From the line containing "数据显示,整体城市租客群体中" through the end of the entries, please repeat every line exactly and nothing more; the pictures do not belong in the copy.

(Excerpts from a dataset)

---*---

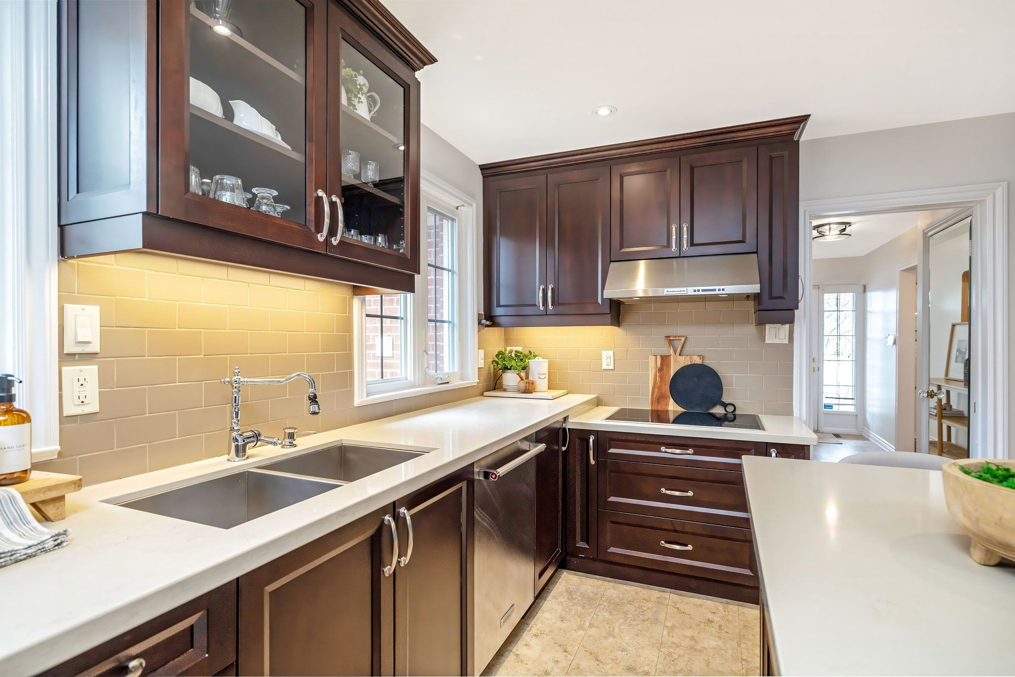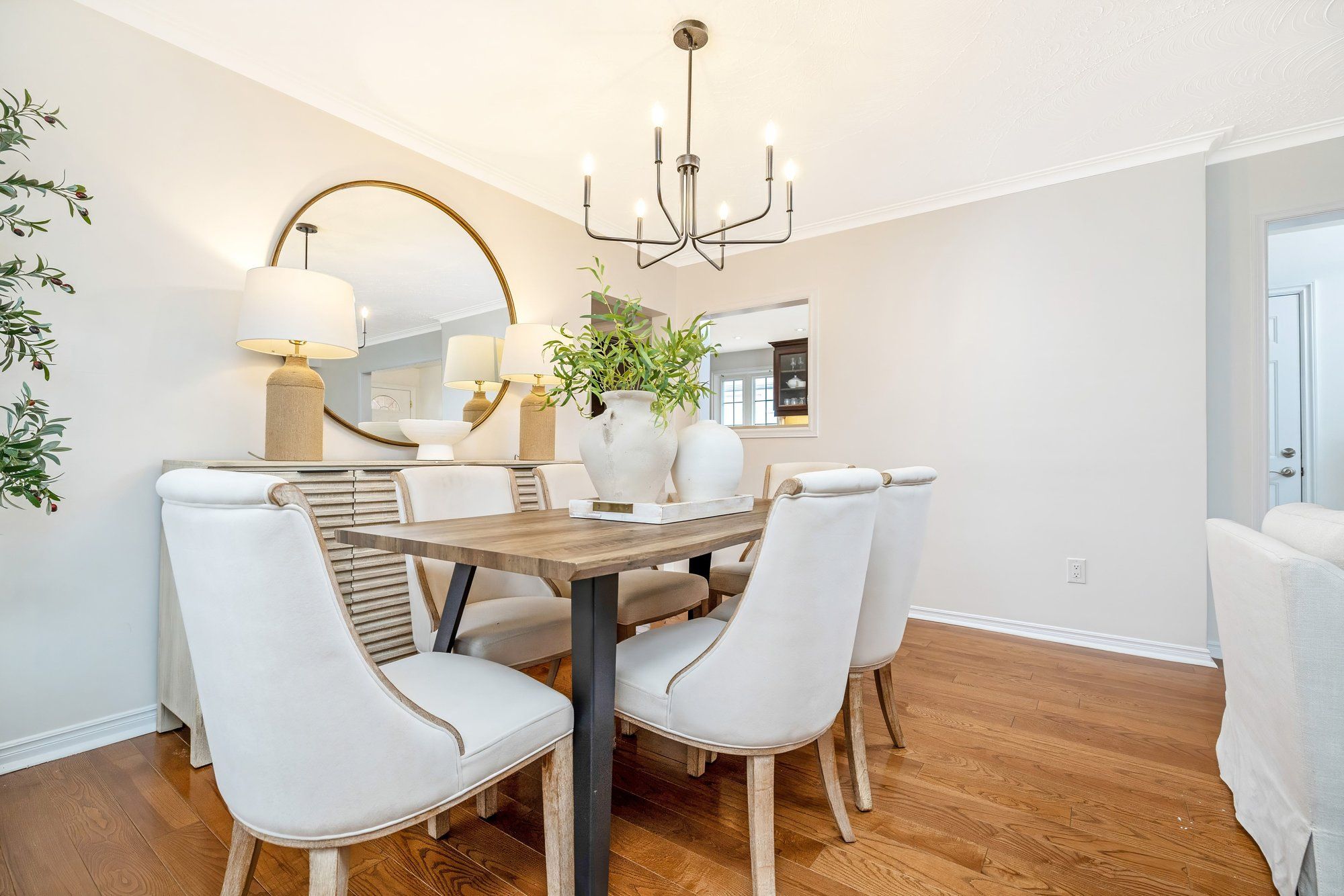 Welcome to 31 woodpark road, a beautifully updated bungalow set on a large, mature lot in etobicoke's highly sought-after richview neighbourhood. This home offers a perfect blend of timeless character and modern upgrades, with bright, inviting spaces designed for comfortable everyday living. Step inside to a spacious living and dining area featuring rich hardwood flooring, crown moulding, & large windows dressed w california shutters that fill the home with natural light. The layout flows seamlessly into a thoughtfully renovated kitchen, showcasing quartz countertops, a built-in wall oven, built-in electric cooktop, stainless steel appliances, & a central island with seating. The main level continues with well-proportioned bedrooms & the added convenience of main floor laundry, making day-to-day living easy & accessible. Freshly painted throughout, the home offers a clean, move-in ready feel that will appeal to a wide range of buyers. The finished basement significantly expands the living space and versatility of the home. Featuring a large family room, a separate recreation room that could easily function as an additional bedroom, a wet bar, a second kitchen, & a 3-piece bathroom, this level is perfectly suited for extended family or multi-generational living. With a private side entrance and a second laundry area, the basement presents excellent in-law suite or potential. Outside, the mature lot offers privacy & space rarely found, with established trees & a welcoming curb appeal that reflects the pride of ownership throughout the neighbourhood. The double driveway and garage provide ample parking for families & guests. Located in the heart of richview, this home places you close to scenic parks, walking trails, reputable schools, & everyday amenities. Enjoy nearby green spaces like west deane park & james gardens, along with convenient access to major highways including the 401, 427, & the gardiner expressway, making commuting simple
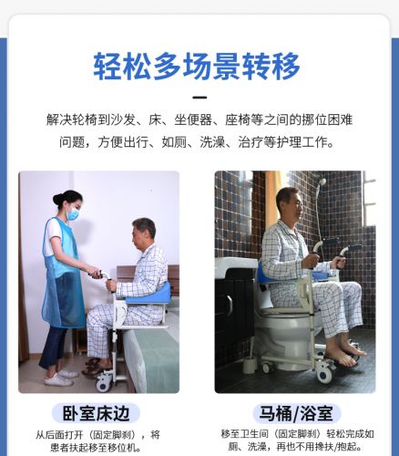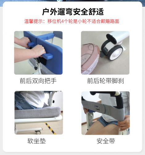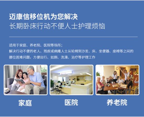 多功能移位機——有效解決了行動不便人士在沙發(fā)、床、坐便器、座椅等之間相互移位的痛點,以提高行動不便人士的生活質量。護理人員通過使用移位機可以大大減輕了工作強度,提高了護理效率,項目產(chǎn)品可以解放勞動力或者減輕護理人員的負擔。
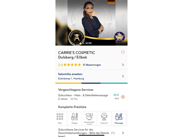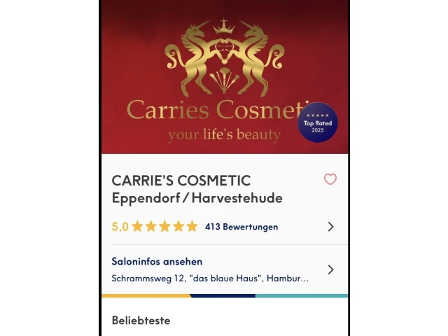 Im Herzen von Hamburg betreibe ich zwei kleine, bescheidene, aber liebevoll eingerichtete Kosmetikstudios in Eppendorf und Dulsberg. Seit 2020 durchgehend top-bewertet und 2024 als "Best Studio" ausgezeichnet.
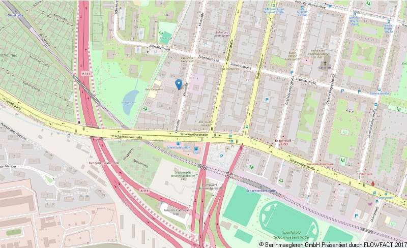 The apartment building is located on a side street with moderate traffic in Berlin's Reinickendorf district. The underground station "Scharnweberstraße" (U6) is only a few minutes' walk away, as is the nearest bus stop. Drivers are quickly on the A111 city highway. In the summer months, it takes 10 to 15 minutes by bike to reach the nearby beach at "Flughafensee" or "Tegeler See". Shopping facilities for daily needs can be found within walking distance.
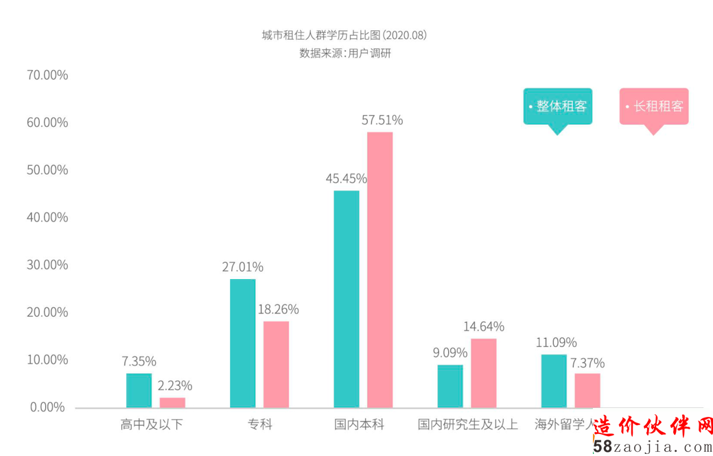 数据显示,整体城市租客群体中,本科及以上学历租客占比超过65%。而在长租机构租客中,本科及以上学历租客占比近8成。值得一提的是,整体租客群体中海归租客占比突破10%,已成为城市租住群体的重要组成部分。
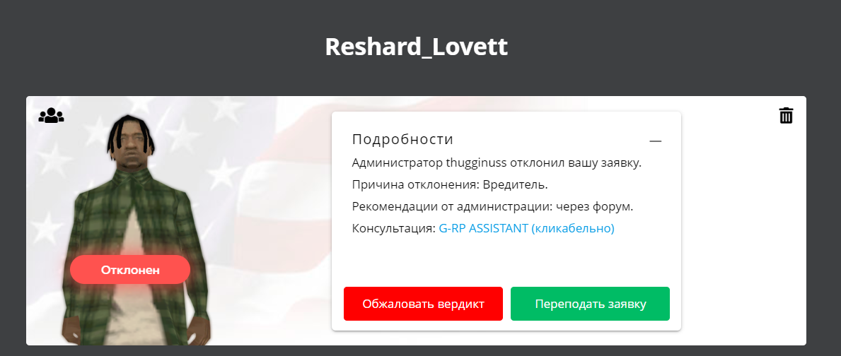 Суть жалобы: пишу за друга жалобу, ему отклоняют персонажа с причиной ВРЕДИТЕЛЬ. 3 заблокированныx персонажа ~ которые вскорее разблокируются.

---*---

### Response:
 数据显示,整体城市租客群体中,本科及以上学历租客占比超过65%。而在长租机构租客中,本科及以上学历租客占比近8成。值得一提的是,整体租客群体中海归租客占比突破10%,已成为城市租住群体的重要组成部分。
 Суть жалобы: пишу за друга жалобу, ему отклоняют персонажа с причиной ВРЕДИТЕЛЬ. 3 заблокированныx персонажа ~ которые вскорее разблокируются.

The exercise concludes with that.